Source-backed implementations are provided below for direct study and interview prep.
// Accepted solution for LeetCode #3692: Majority Frequency Characters
class Solution {
public String majorityFrequencyGroup(String s) {
int[] cnt = new int[26];
for (char c : s.toCharArray()) {
++cnt[c - 'a'];
}
Map<Integer, StringBuilder> f = new HashMap<>();
for (int i = 0; i < cnt.length; ++i) {
if (cnt[i] > 0) {
f.computeIfAbsent(cnt[i], k -> new StringBuilder()).append((char) ('a' + i));
}
}
int mx = 0;
int mv = 0;
String ans = "";
for (var e : f.entrySet()) {
int v = e.getKey();
var cs = e.getValue();
if (mx < cs.length() || (mx == cs.length() && mv < v)) {
mx = cs.length();
mv = v;
ans = cs.toString();
}
}
return ans;
}
}
// Accepted solution for LeetCode #3692: Majority Frequency Characters
func majorityFrequencyGroup(s string) string {
cnt := make([]int, 26)
for _, c := range s {
cnt[c-'a']++
}
f := make(map[int][]byte)
for i, v := range cnt {
if v > 0 {
f[v] = append(f[v], byte('a'+i))
}
}
mx, mv := 0, 0
var ans []byte
for v, cs := range f {
if len(cs) > mx || (len(cs) == mx && v > mv) {
mx = len(cs)
mv = v
ans = cs
}
}
return string(ans)
}
# Accepted solution for LeetCode #3692: Majority Frequency Characters
class Solution:
def majorityFrequencyGroup(self, s: str) -> str:
cnt = Counter(s)
f = defaultdict(list)
for c, v in cnt.items():
f[v].append(c)
mx = mv = 0
ans = []
for v, cs in f.items():
if mx < len(cs) or (mx == len(cs) and mv < v):
mx = len(cs)
mv = v
ans = cs
return "".join(ans)
// Accepted solution for LeetCode #3692: Majority Frequency Characters
// Rust example auto-generated from java reference.
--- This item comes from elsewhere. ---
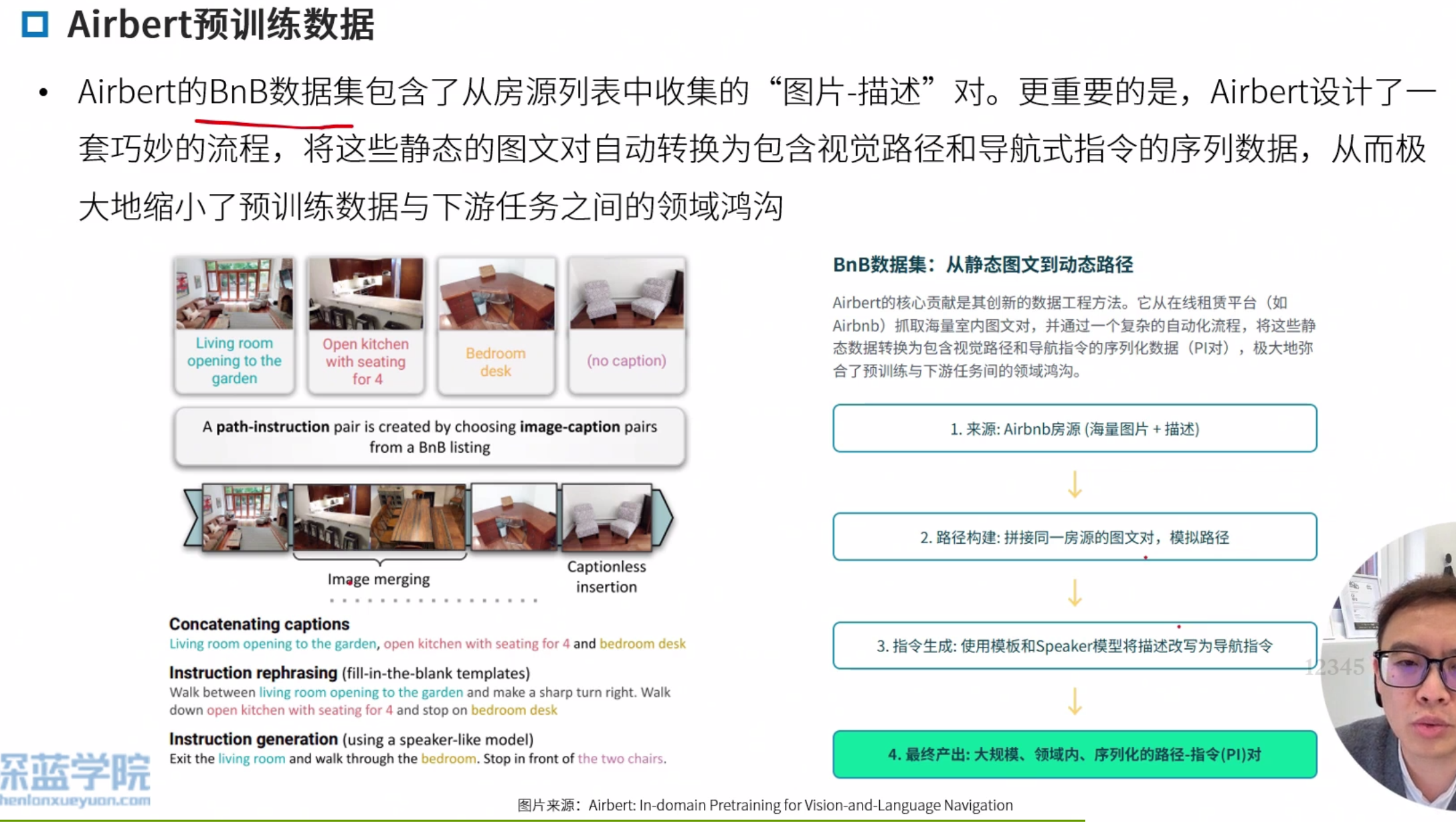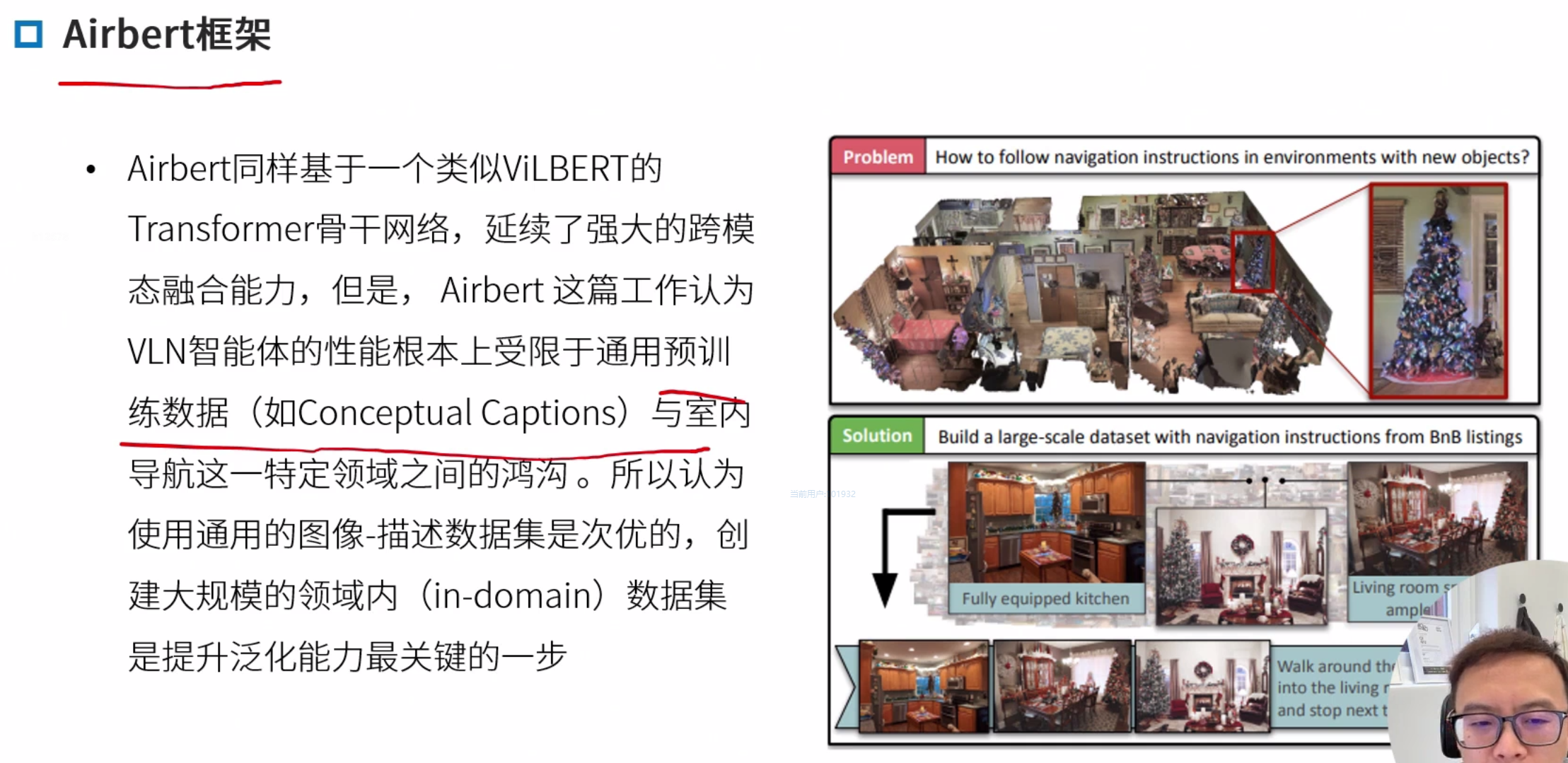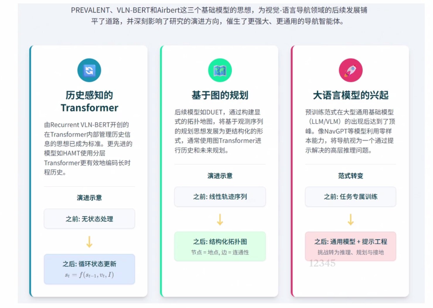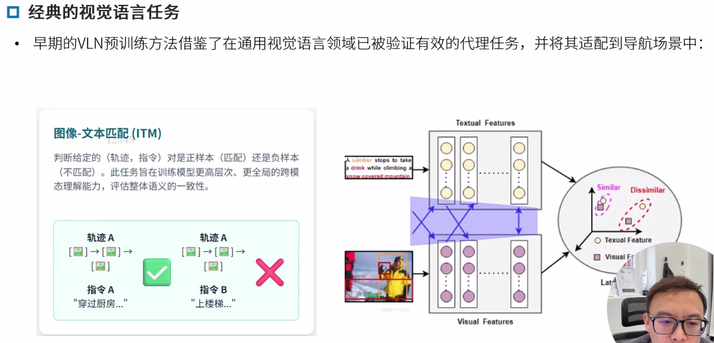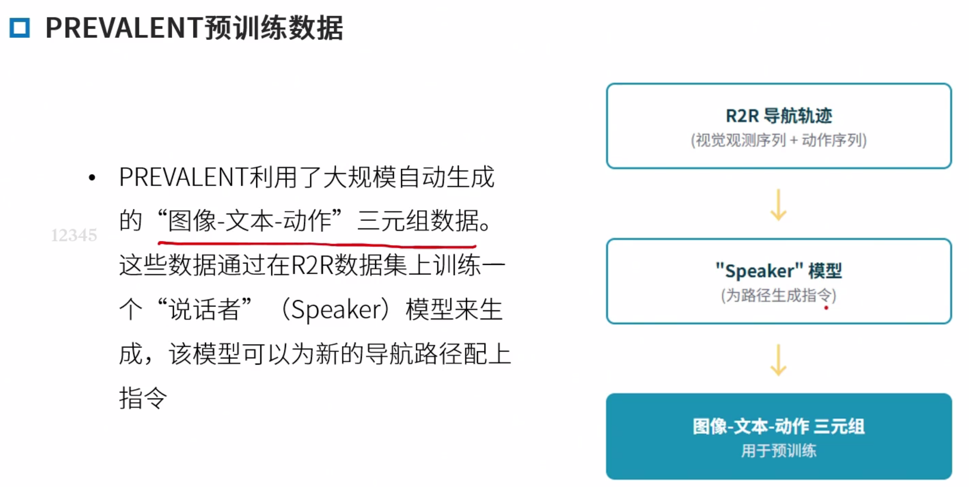 领域内与领域外预训练 领域内:类导航数据,优点任务相关性强,直接服务导航,缺点,早期数据集规模小,成本高 领域外:使用图文对(如网页图片)。优点 数据规模大 多样性高,缺点,与导航任务差异大,缺乏时序和动作信息。

// Replace the signature and local types with the exact LeetCode harness for this problem.
impl Solution {
pub fn rust_example() {
// Port the logic from the reference block below.
}
}
// Reference (java):
// // Accepted solution for LeetCode #3692: Majority Frequency Characters
// class Solution {
// public String majorityFrequencyGroup(String s) {
// int[] cnt = new int[26];
// for (char c : s.toCharArray()) {
// ++cnt[c - 'a'];
// }
// Map<Integer, StringBuilder> f = new HashMap<>();
// for (int i = 0; i < cnt.length; ++i) {
// if (cnt[i] > 0) {
// f.computeIfAbsent(cnt[i], k -> new StringBuilder()).append((char) ('a' + i));
// }
// }
// int mx = 0;
// int mv = 0;
// String ans = "";
// for (var e : f.entrySet()) {
// int v = e.getKey();
// var cs = e.getValue();
// if (mx < cs.length() || (mx == cs.length() && mv < v)) {
// mx = cs.length();
// mv = v;
// ans = cs.toString();
// }
// }
// return ans;
// }
// }
// Accepted solution for LeetCode #3692: Majority Frequency Characters
function majorityFrequencyGroup(s: string): string {
const cnt: Record<string, number> = {};
for (const c of s) {
cnt[c] = (cnt[c] || 0) + 1;
}
const f = new Map<number, string[]>();
for (const [c, v] of Object.entries(cnt)) {
if (!f.has(v)) {
f.set(v, []);
}
f.get(v)!.push(c);
}
let [mx, mv] = [0, 0];
let ans = '';
f.forEach((cs, v) => {
if (mx < cs.length || (mx == cs.length && mv < v)) {
mx = cs.length;
mv = v;
ans = cs.join('');
}
});
return ans;
}
Use this to step through a reusable interview workflow for this problem.
For each element, scan the rest of the array looking for a match. Two nested loops give n × (n−1)/2 comparisons = O(n²). No extra space since we only use loop indices.
One pass through the input, performing O(1) hash map lookups and insertions at each step. The hash map may store up to n entries in the worst case. This is the classic space-for-time tradeoff: O(n) extra memory eliminates an inner loop.
Review these before coding to avoid predictable interview regressions.
Wrong move: Zero-count keys stay in map and break distinct/count constraints.
Usually fails on: Window/map size checks are consistently off by one.
Fix: Delete keys when count reaches zero.